Sunday, January 15, 2006

SURELY THE ARRIVAL OF JIMMY SAVILLE IS A CAUSE FOR CONCERN?

We're still trying to come to an understanding of why Jimmy Saville has popped up on Celebrity Big Brother. Is he thanking Michael Barrymore for taking the heat off him as the most-rumoured-about light entertainment celeb in the UK by taking the CBB heat of Barrymore for a moment? Or was it just they wanted the - admittedly wonderful - look on Pete Burns face as Saville wandered about the house. Burns and Saville both have their roots in precisely the same vaudeville tradition, but like a chimp and a bison, it's hard to believe they've both evolved from the same point.
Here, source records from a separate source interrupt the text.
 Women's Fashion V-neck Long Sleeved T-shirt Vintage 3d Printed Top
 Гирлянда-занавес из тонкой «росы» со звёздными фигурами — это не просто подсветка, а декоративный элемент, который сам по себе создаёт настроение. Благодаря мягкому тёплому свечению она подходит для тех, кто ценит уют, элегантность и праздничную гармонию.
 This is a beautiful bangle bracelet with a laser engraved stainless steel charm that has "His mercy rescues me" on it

Germaine Greer, of course, has been making some cash for herself by condemning the whole series as horrid and bullying. Indeed, she's had quite a lucrative reprise of the arguments she made in The Times last year, where she condemned the producers Endemol as being akin to Orwell's Inner Party:

It would be pompous to suggest that the proliferation of ordeal television is actively promoting a bullying culture in Britain without a lot more work being done on the extent and nature of bullying in schools and workplaces. But it is now up to the British public to decide what should become of cruelty television, and to turn their thumbs down.
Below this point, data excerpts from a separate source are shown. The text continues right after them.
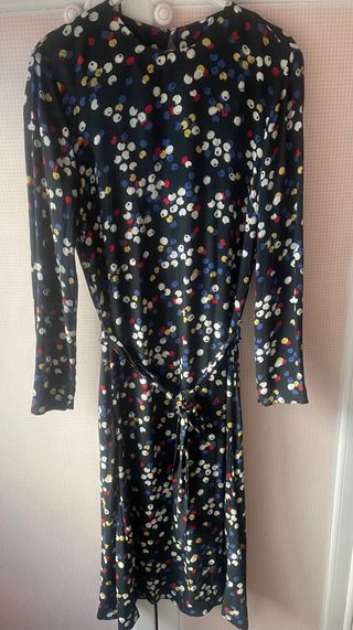 Este vestido largo satinado de Zara cuenta con un estampado de manchas rosas sobre fondo negro, cuello redondo y mangas abullonadas y bolsillos laterales . T .xs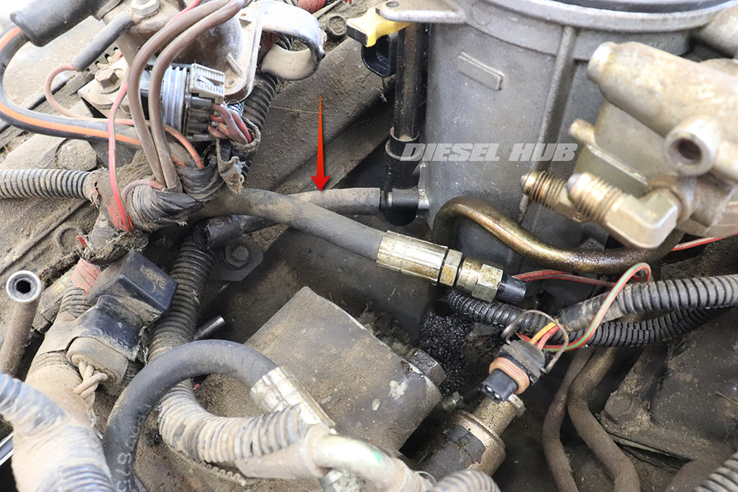 - Completely loosen the clamps on the hose that connects the passenger side upper fuel pump port to the fuel bowl.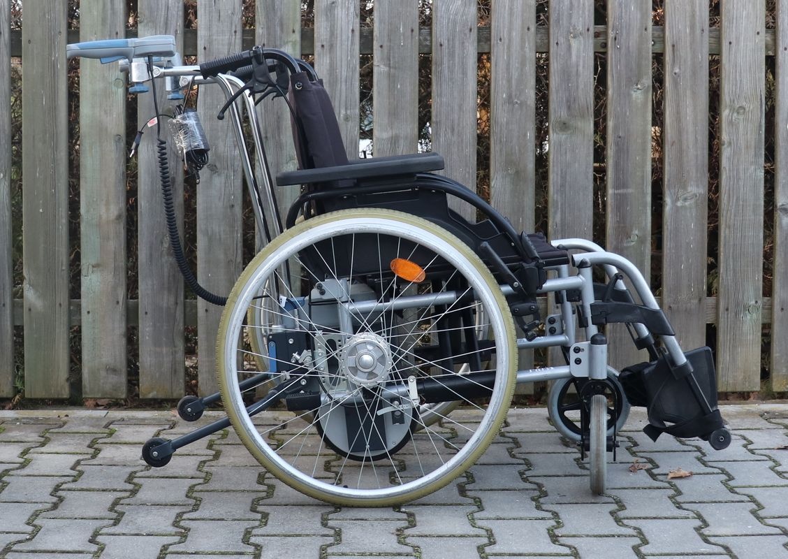 Prodám invalidní vozík s pohonem Viamobil. Pohon se připojí zezadu k vozíku a pomáhá Vám vozík tlačit. Dostatečně výkonný pro prudké stoupání a dlouhé cesty. Je lehký a snadno se ovládá.

What's curious, though, is Greer seemed to be quite happy to take the cash from the Endemol Inner Party to trot out an outrage-by-numbers performance on Big Brother's Big Mouth last night. Germaine, coudl you explain how signing up to add gravitas to the sideshows is meant to encourage people to shun the circus?

Meanwhile, George Galloway turned out to be really good at keeping his head in a cardboard box - a skill he could use when trying to avoid his constituents in the future.